The only proposed adjustments to the judicial system relate to the reestablishment of the Constitutional Court docket. Kazakhstan had a Constitutional Court docket till the adoption of the 1995 structure, which instituted a weaker constitutional council. The president nonetheless maintains a powerful affect over the Constitutional Court docket’s make-up, however, with the flexibility to pick the court docket’s chairman and four of the judges; parliament chooses the other three.

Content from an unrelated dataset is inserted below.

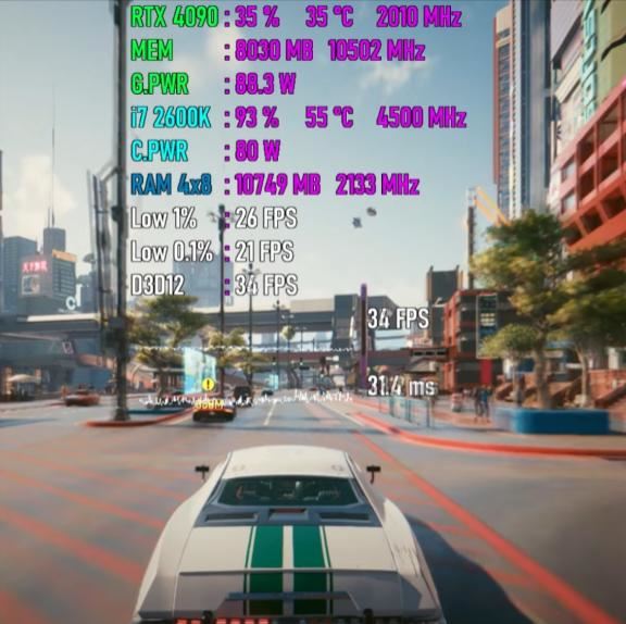 平均帧速为34 fps,最低瞬时帧速为26 fps,帧时间为31.4ms,cpu使用率为93%,功耗为80w,温度为55度,内存使用量为10.7gb,gpu使用率为35%,显存使用量为8.0gb,功耗为88w,温度为35度。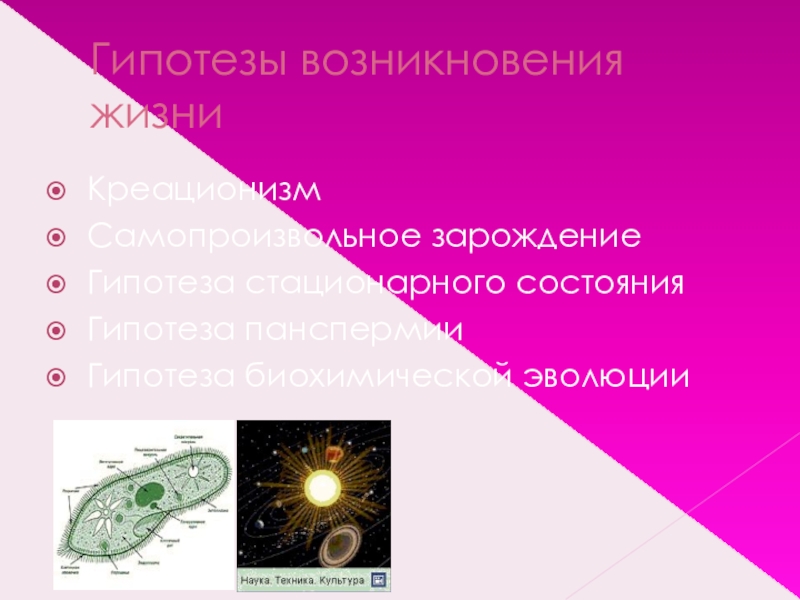 Гипотезы возникновения жизниКреационизмСамопроизвольное зарождениеГипотеза стационарного состоянияГипотеза панспермииГипотеза биохимической эволюции

Tokayev has emphasised the significance of local governance, marked by the first-ever direct election of village akims and plans to introduce three new oblasts that may carry government our bodies nearer to the populations they symbolize. Perhaps essentially the most disappointing aspect of proposed reforms is the lack of significant movement on local representation for residents of Kazakhstan’s largest cities. If the referendum passes, Kazakhstanis will get to vote for akims of oblasts, main cities, and the capital – however, the candidates can have been selected by the president. The right to elect local leadership has been probably the most consistent demands from Almaty residents, and this attempt to create alternative is in the end beauty.

The proposed reforms are vital steps towards real consultant authorities in Kazakhstan; nevertheless, they do not necessarily constitute forward motion. Lots of the amendments are simply reinstating mechanisms of checks on presidential power that beforehand existed, reasonably than materially altering the relationship between state and society, as Tokayev claims.